Recent SFR calibrations and the constant SFR approximation

Cerviño, M.; Bongiovanni, A.; Hidalgo, S.
Bibliographical reference

Astronomy and Astrophysics, Volume 589, id.A108, 13 pp.

Advertised on:
4
2016
Number of authors
3
IAC number of authors
3
Citations
9
Refereed citations
7
Description
Aims: Star formation rate (SFR) inferences are based on the so-called constant SFR approximation, where synthesis models are required to provide a calibration. We study the key points of such an approximation with the aim to produce accurate SFR inferences. Methods: We use the intrinsic algebra of synthesis models and explore how the SFR can be inferred from the integrated light without any assumption about the underlying star formation history (SFH).

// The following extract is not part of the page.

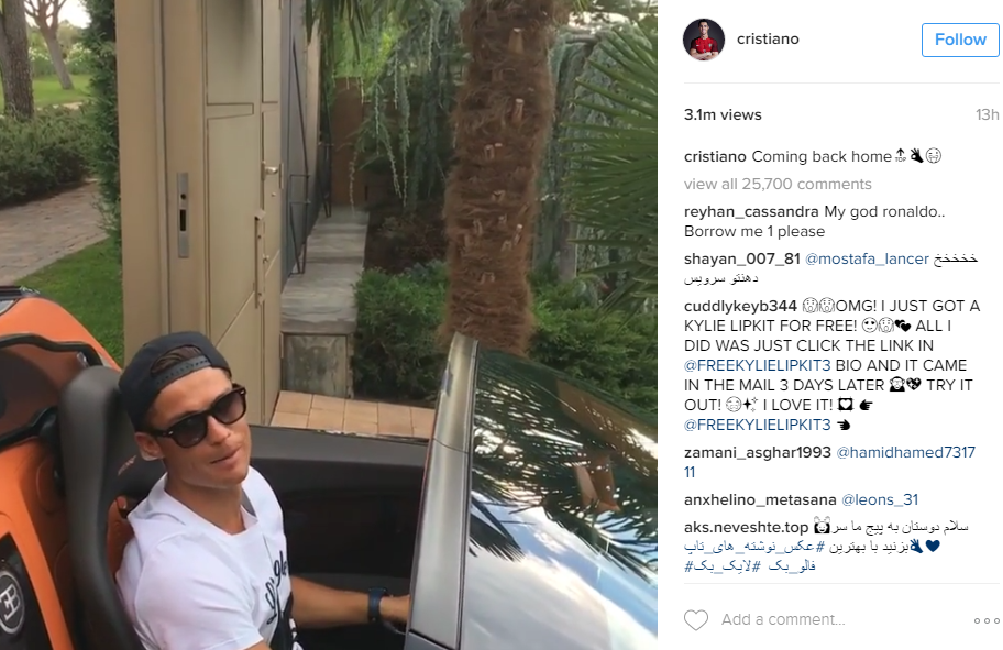 레알 마드리드는 지난 몇 년 간 승리수당으로 꽤 많은 비용을 지불했고, 호날두는 이 돈으로 근사한 새 차를 뽑았다. 차종은 ‘부가티’고, 시가는 250만 파운드(약 31억 원)로 알려졌다.

Results: We show that the constant SFR approximation is a simplified expression of deeper characteristics of synthesis models: It characterizes the evolution of single stellar populations (SSPs), from which the SSPs as a sensitivity curve over different measures of the SFH can be obtained. As results, we find that (1) the best age to calibrate SFR indices is the age of the observed system (i.e., about 13 Gyr for z = 0 systems); (2) constant SFR and steady-state luminosities are not required to calibrate the SFR; (3) it is not possible to define a single SFR timescale over which the recent SFH is averaged, and we suggest to use typical SFR indices (ionizing flux, UV fluxes) together with untypical ones (optical or IR fluxes) to correct the SFR for the contribution of the old component of the SFH. We show how to use galaxy colors to quote age ranges where the recent component of the SFH is stronger or softer than the older component. Conclusions: Despite of SFR calibrations are unaffected by this work, the meaning of results obtained by SFR inferences does. In our framework, results such as the correlation of SFR timescales with galaxy colors, or the sensitivity of different SFR indices to variations in the SFH, fit naturally. This framework provides a theoretical guide-line to optimize the available information from data and numerical experiments to improve the accuracy of SFR inferences.